SLMOpen sourceLATAM
The rise of SLMs (small language models) and why they matter in LATAM
Why small models are eating a large slice of the market, especially in countries with higher infrastructure costs.
April 12, 2026 · Lixto Labs Team · 1 min read
Bigger isn't always better
In 2024 everyone talked about giant LLMs. In 2026 most solutions we ship to Mexican companies use small models — between 3 and 30 billion parameters — that run on a single GPU or even CPU.
Why SLMs matter so much in LATAM
- Cost: a mid-size Mexican company won't tolerate a 15,000 USD/month OpenAI bill. A self-hosted SLM can run for under 1,000 USD/month.
- Latency: running the model in a Mexico City or Querétaro datacenter eliminates the 200-300ms US round trip.
- Privacy and data sovereignty: regulated companies (banking, health, government) often can't send data to APIs abroad.
- Specialization: an SLM fine-tuned on your domain beats generic GPT-5 at narrow tasks.
SLMs we're using
- Llama 4 8B and 30B: workhorse. Great quality/cost, easy to fine-tune.
- Qwen 3: strong reasoning and code, solid multilingual support.
- Phi-5: Microsoft.
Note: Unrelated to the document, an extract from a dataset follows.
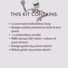 The kit includes everything you need: a hoop, needle, and thread. With an easy-to-follow design outline that you stick onto the item and stitch through, along with step-by-step colour instructions, the process is simple and enjoyable.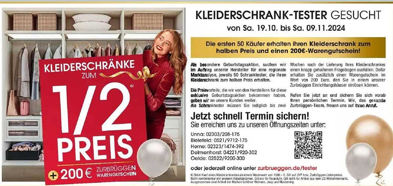 Sehen Sie sich jetzt das KLEIDERSCHRÄNKE ZUM 1/2 PREIS + 200€ WARENGUTSCHEIN Angebot im Zurbrüggen Prospekt an. Dieses Angebot ist gültig von 17.10.2025 bis 01.11.2025.

Surprisingly good for its size.
- Mistral Small: still great for simple tools and function calling.
When NOT to use an SLM
- When you need extended multi-step reasoning: GPT-5 or Claude still win clearly.
- When your volume is low (under 100k requests/month): operational cost doesn't justify it.
- When you don't have DevOps/MLOps capacity: hosting an SLM isn't trivial.
If you meet the volume and privacy criteria, a well-tuned SLM is probably the best cost/benefit decision you'll make this year.